Wait, April give the man a second. Another look at him and the fears returned. This can’t be good. He seemed to be stalling. Finally after turning more file pages, he said, “There is also something else concerning me.” I’m thinking OK spit it out. Then it comes “Are you familiar with ALS?” I immediately knew what he was talking about. I had ironically watched a documentary a couple days earlier. Nothing about the film made me think I had it, but I was informed and I immediately knew he was right. Everything started coming together. Still I said, “Maybe it’s just my back injury mimicking?” “No” he said without hesitation. I can see your back injury and we are dealing with two different conditions completely separate of each other. My husband sat pale and silent.

Things quickly started adding up and making sense. I had been complaining to my husband for several months that I couldn’t exactly put my finger on it, but something was off with me. I could still do anything I ever had, and I was very active all the way up till my back injury. I finally chalked it up to the fact I was pushing 40 and that’s a well known time for change. I put my focus on taking quality vitamins and accepting I was getting older.

He gave us some print outs from the Mayo Clinic and strongly advised us not to look up information on random sites, if we look it up stay with major ALS Clinics for information. He didn’t want to answer my questions about dying. He explained this is considered a differential diagnosis, and with a condition like this I’ll need a second opinion. He said I’ll be referred to an ALS clinic with a neurologist who specializes in ALS for this, and from his examination he felt I met the criteria for probable diagnosis. I was taking in this information knowing I had ALS. My husband took everything possible, such as the term probable diagnosis, to be lead far away into the land of denial. There was a time I actually wondered if he’d return before I died. As we left Tony Basically thanked him for his educated guess. We rode home in silence and into the abyss of ALS. Life would never be the same.

I’m lucky to live close enough and be referred to two great ALS Clinics. Vanderbilt in Nashville, TN and Emory in Atlanta, GA. I assumed with this being such a serious diagnosis I’d be getting a call right away. This was one of my first hard lessons about ALS. There’s no big hurry to see you because there is no real treatment to offer you. It took about four long weeks and I finally heard from them both in the same week and scheduled appointments. Surprisingly again, neither could see me for two months. In the meantime, I still had my back to contend with as well as the fact Tony wouldn’t even entertain the idea of ALS. It was a lonely scary time.

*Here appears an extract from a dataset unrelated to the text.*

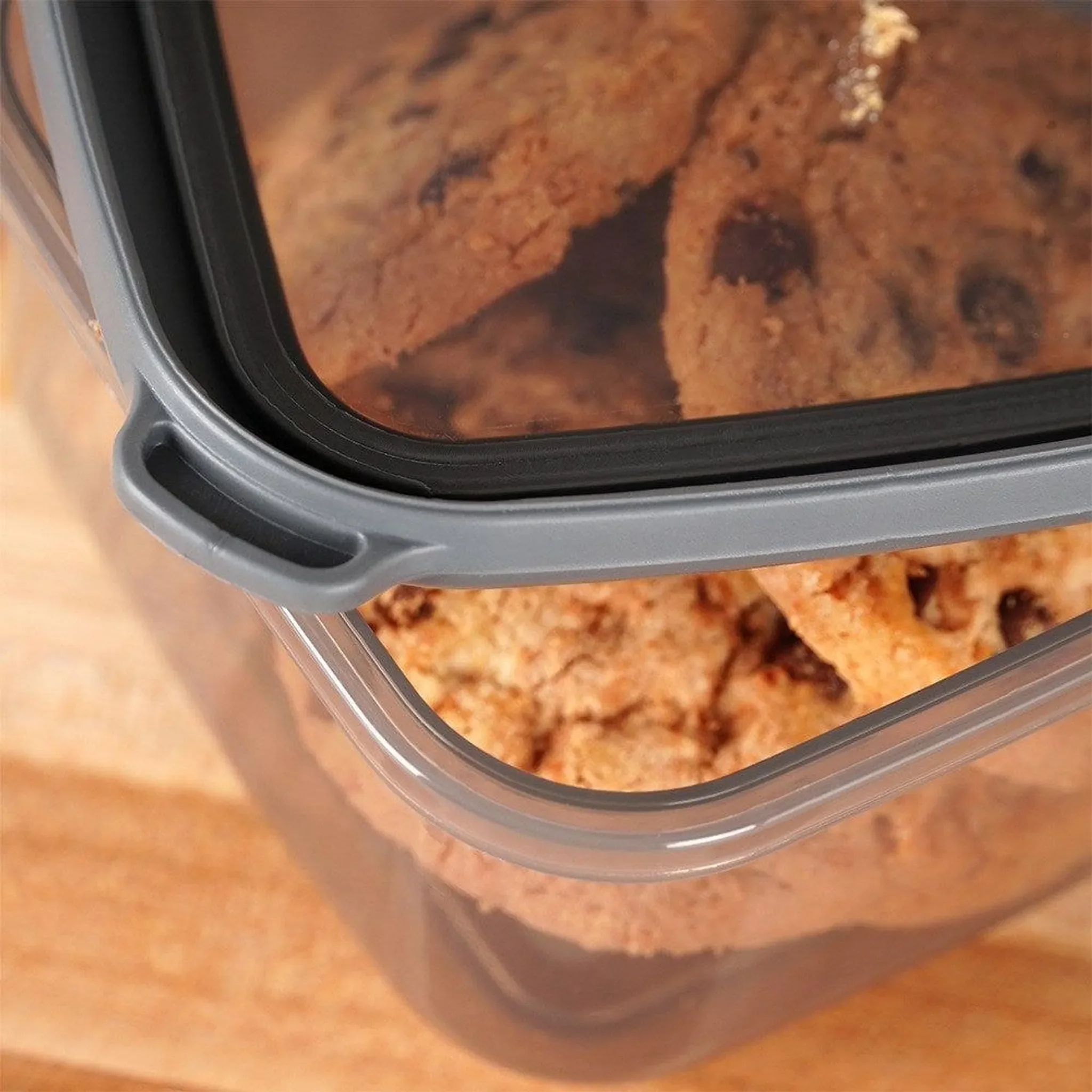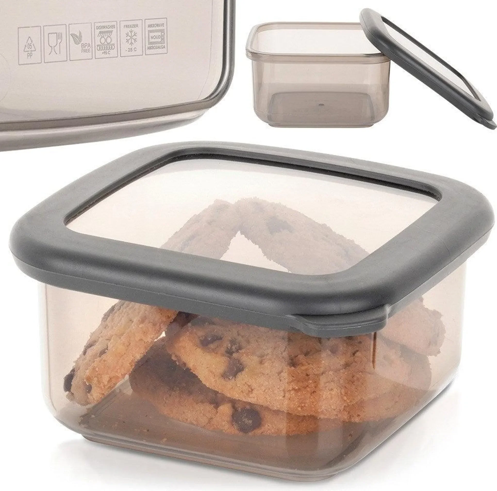 Der luftdicht schließende Deckel schützt zuverlässig vor Feuchtigkeit und Gerüchen und hilft, Frische sowie Aroma der Lebensmittel zu bewahren. Die transparente, rauchgraue Ausführung ermöglicht eine schnelle Kontrolle des Inhalts ohne Öffnen des Behälters.
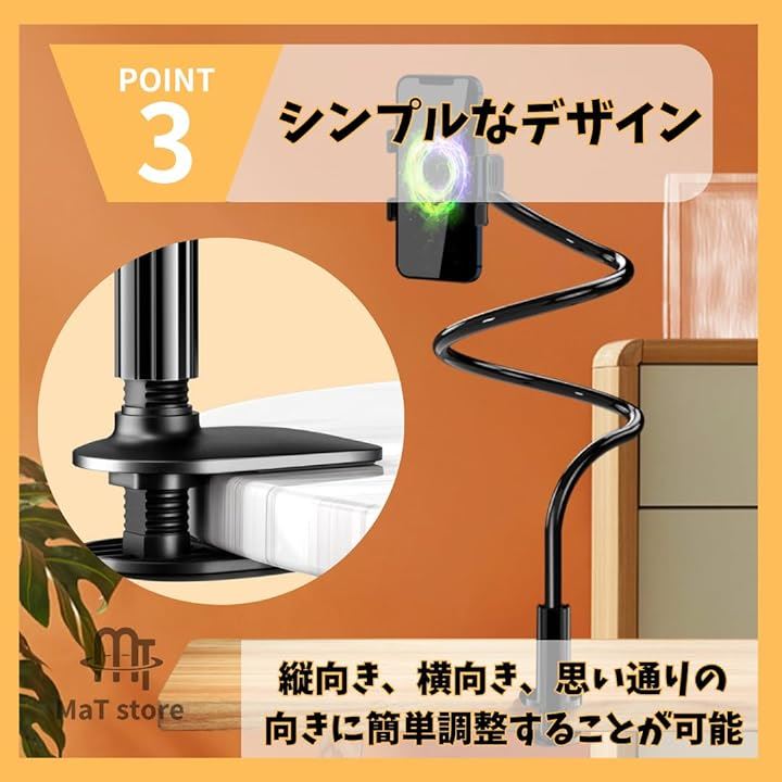 スマホスタンド アーム 寝ながら ベッド 撮影 携帯 ホルダー 固定

My first visit was with Vanderbilt. The Neurologist looked at my records, did some tongue gazing, push, pull this and that. He placed his hand softly on my bare thighs quickly explaining he’s feeling for muscle twitches. Yes, I had felt muscle twitches lately but seems like I always had. Nothing to be concerned about, usually it’s not, unless you have ALS I quickly learned. He left and came back to the room where I sat with Tony and my Mother. He wasted no time in saying he agrees with the diagnosis but still wants to do an EMG himself. I felt like crying then. I already knew I had ALS so another EMG is what upset me most. It renewed Tony’s denial. He promised he would be doing the EMG himself. For some reason, that eased my fear a little. I scheduled and left.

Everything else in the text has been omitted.